• SOURCE MATERIAL
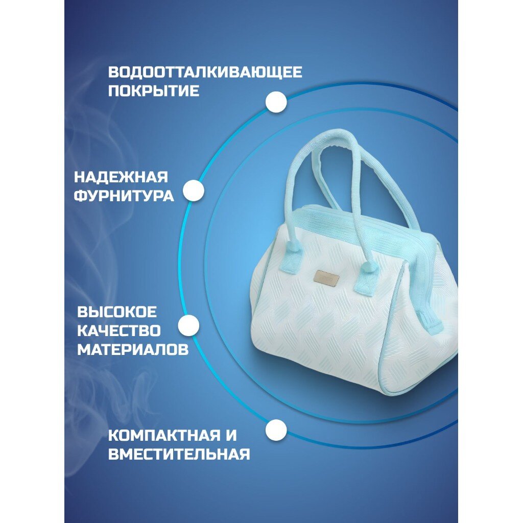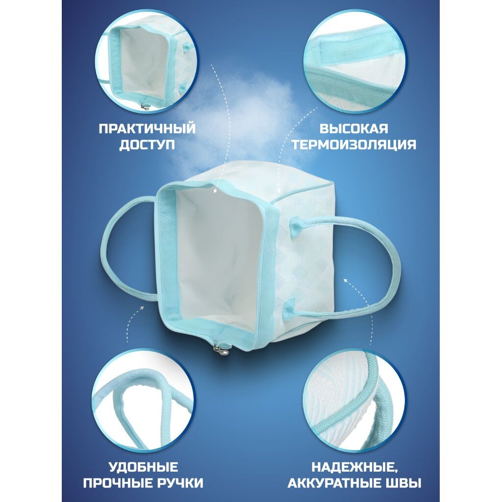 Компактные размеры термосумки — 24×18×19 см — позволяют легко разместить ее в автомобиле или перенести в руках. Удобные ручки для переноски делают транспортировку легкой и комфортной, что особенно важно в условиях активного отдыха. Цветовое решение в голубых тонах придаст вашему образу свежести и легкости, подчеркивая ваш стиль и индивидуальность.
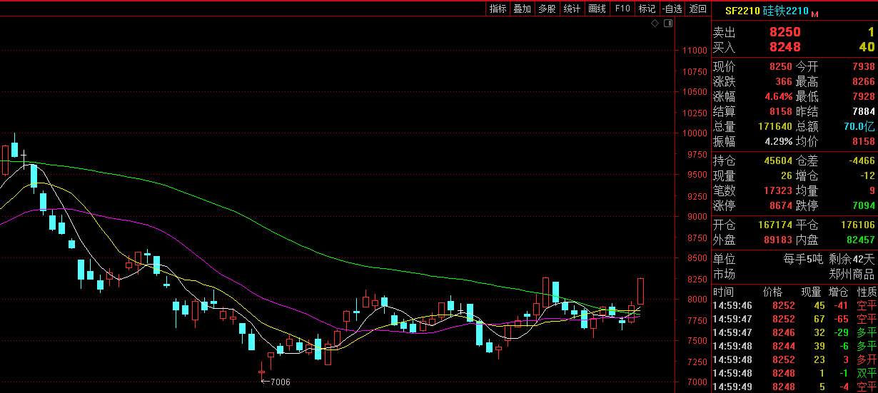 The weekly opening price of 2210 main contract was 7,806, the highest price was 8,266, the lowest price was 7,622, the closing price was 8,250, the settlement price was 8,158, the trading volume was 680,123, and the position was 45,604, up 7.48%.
* * *
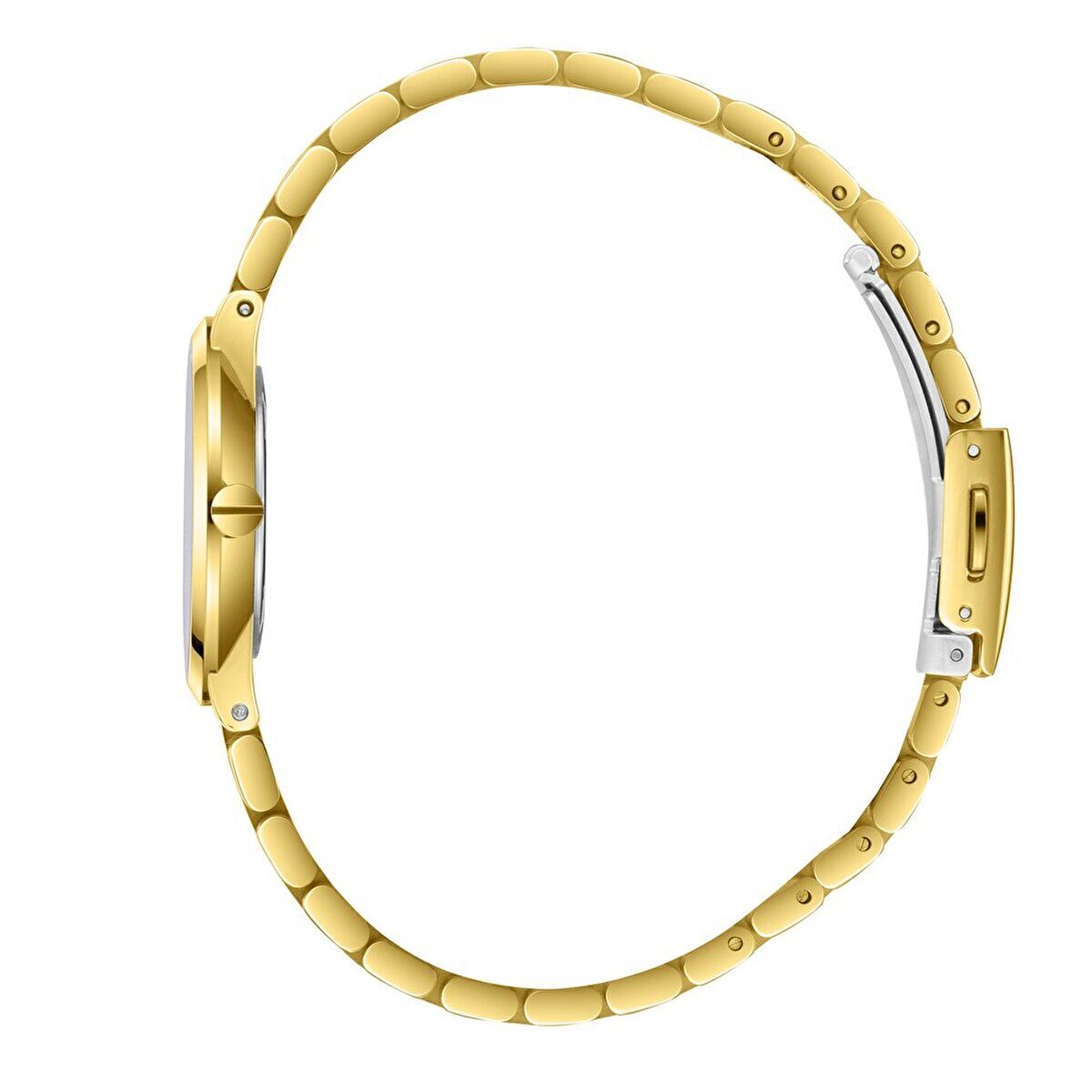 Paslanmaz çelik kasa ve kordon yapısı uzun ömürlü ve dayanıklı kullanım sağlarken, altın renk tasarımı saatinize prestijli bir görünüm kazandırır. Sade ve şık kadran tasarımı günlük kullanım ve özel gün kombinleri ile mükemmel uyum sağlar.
==
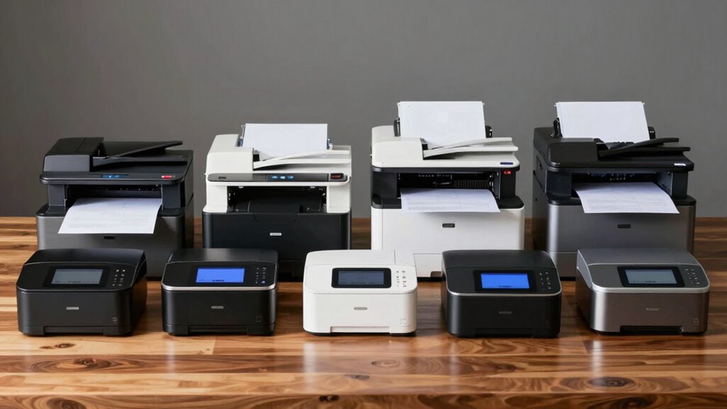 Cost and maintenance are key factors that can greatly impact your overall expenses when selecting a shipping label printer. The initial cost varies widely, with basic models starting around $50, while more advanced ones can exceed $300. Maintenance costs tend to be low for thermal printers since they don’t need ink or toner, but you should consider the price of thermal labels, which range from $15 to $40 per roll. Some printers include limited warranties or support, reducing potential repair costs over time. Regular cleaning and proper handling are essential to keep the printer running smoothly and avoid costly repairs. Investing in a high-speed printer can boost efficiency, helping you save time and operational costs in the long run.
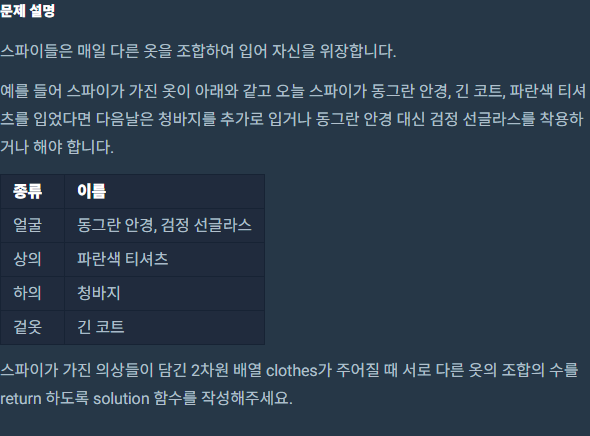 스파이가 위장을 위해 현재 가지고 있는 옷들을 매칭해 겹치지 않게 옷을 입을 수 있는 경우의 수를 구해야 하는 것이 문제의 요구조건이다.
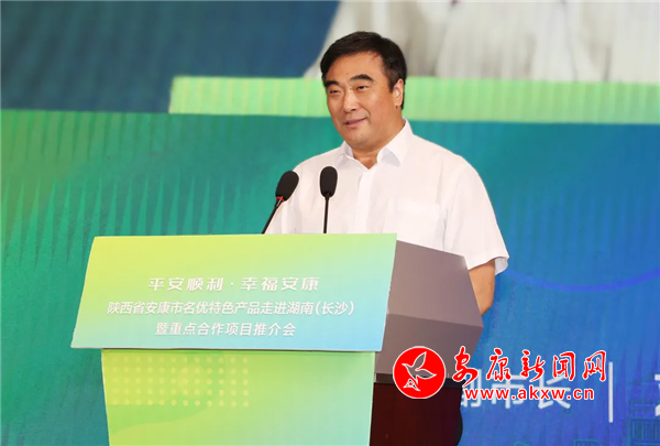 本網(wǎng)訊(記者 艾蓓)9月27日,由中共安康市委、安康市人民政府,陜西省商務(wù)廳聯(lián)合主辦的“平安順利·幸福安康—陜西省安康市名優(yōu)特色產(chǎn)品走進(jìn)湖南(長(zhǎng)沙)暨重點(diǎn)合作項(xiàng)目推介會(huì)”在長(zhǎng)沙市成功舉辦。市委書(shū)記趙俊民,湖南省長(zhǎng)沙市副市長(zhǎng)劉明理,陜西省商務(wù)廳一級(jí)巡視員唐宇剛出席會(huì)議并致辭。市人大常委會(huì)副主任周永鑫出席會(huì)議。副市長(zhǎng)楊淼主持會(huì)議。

• TASK TO COMPLETE
What's needed is an exact copy of the records above from the line containing "Компактные размеры термосумки" down to the line containing "The weekly opening", both included, without any pictures.

• TASK ANSWER
 Компактные размеры термосумки — 24×18×19 см — позволяют легко разместить ее в автомобиле или перенести в руках. Удобные ручки для переноски делают транспортировку легкой и комфортной, что особенно важно в условиях активного отдыха. Цветовое решение в голубых тонах придаст вашему образу свежести и легкости, подчеркивая ваш стиль и индивидуальность.
 The weekly opening price of 2210 main contract was 7,806, the highest price was 8,266, the lowest price was 7,622, the closing price was 8,250, the settlement price was 8,158, the trading volume was 680,123, and the position was 45,604, up 7.48%.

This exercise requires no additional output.